247 – O julgamento dos três policiais militares acusados de envolvimento na execução do delator do Primeiro Comando da Capital (PCC), Antônio Vinícius Lopes Gritzbach, foi anulado nesta segunda-feira (22), após uma série de confrontos verbais entre acusação e defesa no Fórum de Guarulhos, na Região Metropolitana de São Paulo. As informações são do Metrópoles.
Com a decisão, o Tribunal de Justiça de São Paulo (TJSP) deverá agendar uma nova data para a realização do júri, que havia começado na manhã desta segunda-feira e tinha previsão de se estender até sexta-feira (26).
Interrupção após embates em plenário
A sessão foi marcada por sucessivas discussões entre o promotor Rodrigo Merli e os advogados de defesa Renan Pacheco Canto e Mauro Ribas Júnior. O clima de tensão se intensificou ao longo do julgamento, culminando na interrupção dos trabalhos.
Segundo a reportagem, um dos momentos mais delicados ocorreu quando o representante do Ministério Público afirmou que um dos testemunhos apresentados seria falso. A declaração provocou reação imediata da defesa, que passou a contestar a atuação da acusação e questionou os temas debatidos durante a sessão.
O impasse se agravou e alguns advogados deixaram o plenário. Diante da impossibilidade de prosseguir com os trabalhos, o júri foi encerrado sem que os jurados chegassem a uma decisão.

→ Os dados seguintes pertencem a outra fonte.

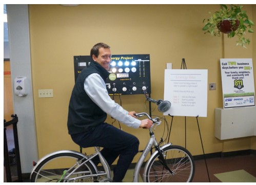
Take a ride on the Energy Bike

of October 10, members can enter the drawing in the Chugach Lobby or at chugachelectric.com . The winner will be contacted via email during the week of October 17.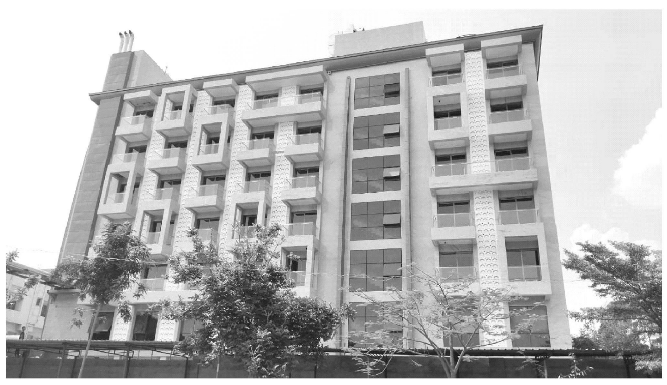
Institutional Building for M/s C.I.S.C.E -Council for the Indian School Certificate Examination (Regional Institute) at Habsiguda, Hyderabad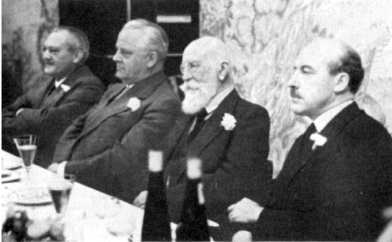
A picture taken in the early 1030's showing from left to right: Dr. Carl Bosch, second head of Farben (succeeding Duisberg and preceding Hermann Schmitz); Defendant Hermann Schmitz; an unidentified person and Defendant Georg von Schnitzler.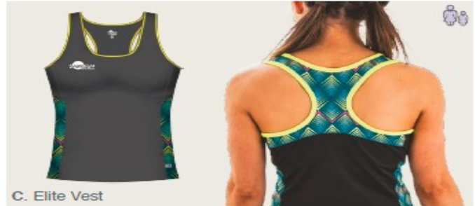
C. Elite Vest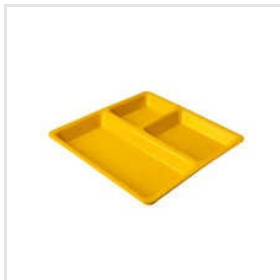
9 Inch Plastic Pav Bhaji Plate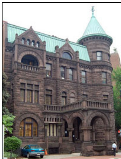
Heurich House (Brewmaster's Castle) - the new home of US/ICOMOS on September 1, 2013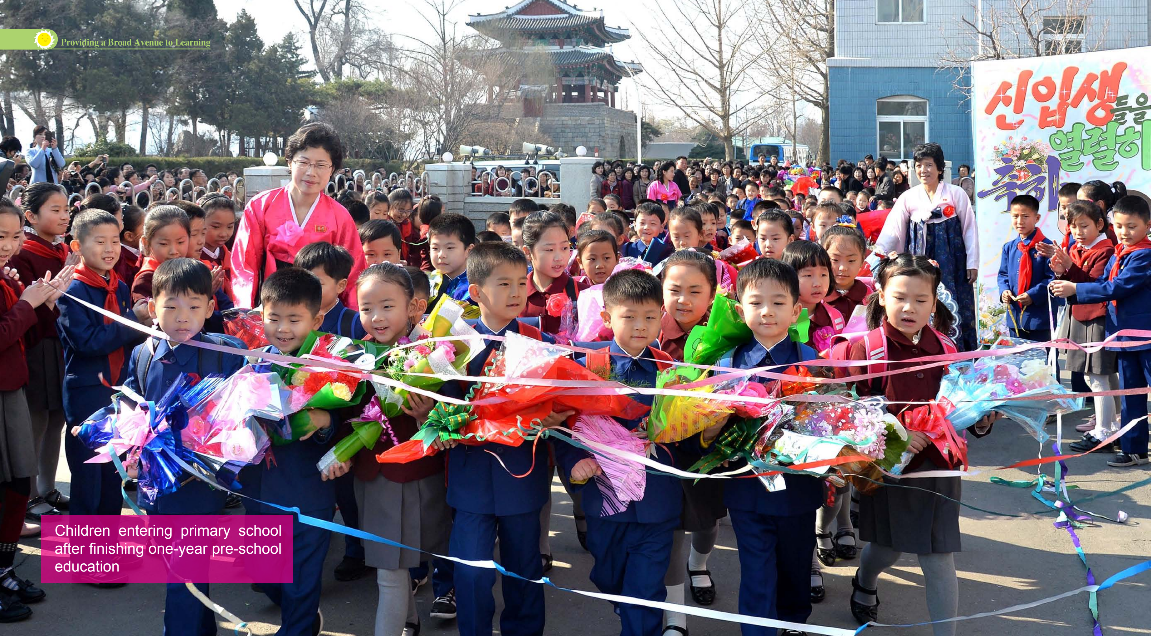
Children entering primary school after finishing one-year pre-school education

Crime ocorreu no Aeroporto de Guarulhos
Gritzbach foi assassinado em 8 de novembro de 2024 na área de desembarque do Terminal 2 do Aeroporto Internacional de Guarulhos. Ele retornava de uma viagem a Alagoas e caminhava acompanhado da namorada e de seguranças quando foi atingido por disparos de fuzil. O crime ocorreu poucos dias após o corretor iniciar delações sobre supostas ligações entre policiais e integrantes do PCC.
De acordo com a acusação, o cabo Denis Antônio Martins e o soldado Ruan Silva Rodrigues teriam sido os autores dos disparos. Já o tenente Fernando Genauro da Silva é apontado como responsável por conduzir os executores ao aeroporto e auxiliar na fuga após o crime.
Ministério Público sustenta execução planejada
Os três réus respondem por homicídio qualificado. A acusação sustenta que a execução foi planejada e praticada por motivo torpe, com emprego de armamento de uso restrito, além de ter colocado outras pessoas em risco e dificultado qualquer possibilidade de defesa da vítima.
O Conselho de Sentença foi formado por quatro homens e três mulheres.
Antes da interrupção dos trabalhos, já haviam sido ouvidas três testemunhas: William Souza Santos e Samara Lima, que ficaram feridos durante o ataque, além de Simone Dionísio Novais, esposa de Celso Novais, vítima atingida pelos disparos efetuados no aeroporto.
Defesa questiona provas da investigação
Pouco antes do início do julgamento, o advogado Renan Canto criticou as provas reunidas pela investigação e afirmou que os elementos apresentados foram manipulados para incriminar os acusados.
Segundo a apuração policial, dados de GPS, imagens de câmeras de segurança, registros de telefonia celular e exames de DNA colocam os três policiais militares na cena do crime.
A defesa, porém, contesta a confiabilidade desse material. “O carro foi analisado no dia 8 de novembro. Nada foi encontrado. O carro passa por uma segunda análise, aí eles encontram uma amostra que não havia sido encontrada no dia anterior. Essa amostra, até hoje, a gente não sabe do que se trata. Se é sangue, se é suor, se é saliva. Essa amostra subiu pro sistema AIFES, que a gente chama, e ninguém foi identificado”, afirmou o advogado.
Após a anulação do júri, caberá ao Tribunal de Justiça de São Paulo definir os próximos passos do processo e estabelecer uma nova data para o julgamento dos três policiais militares acusados pela morte de Antônio Vinícius Gritzbach.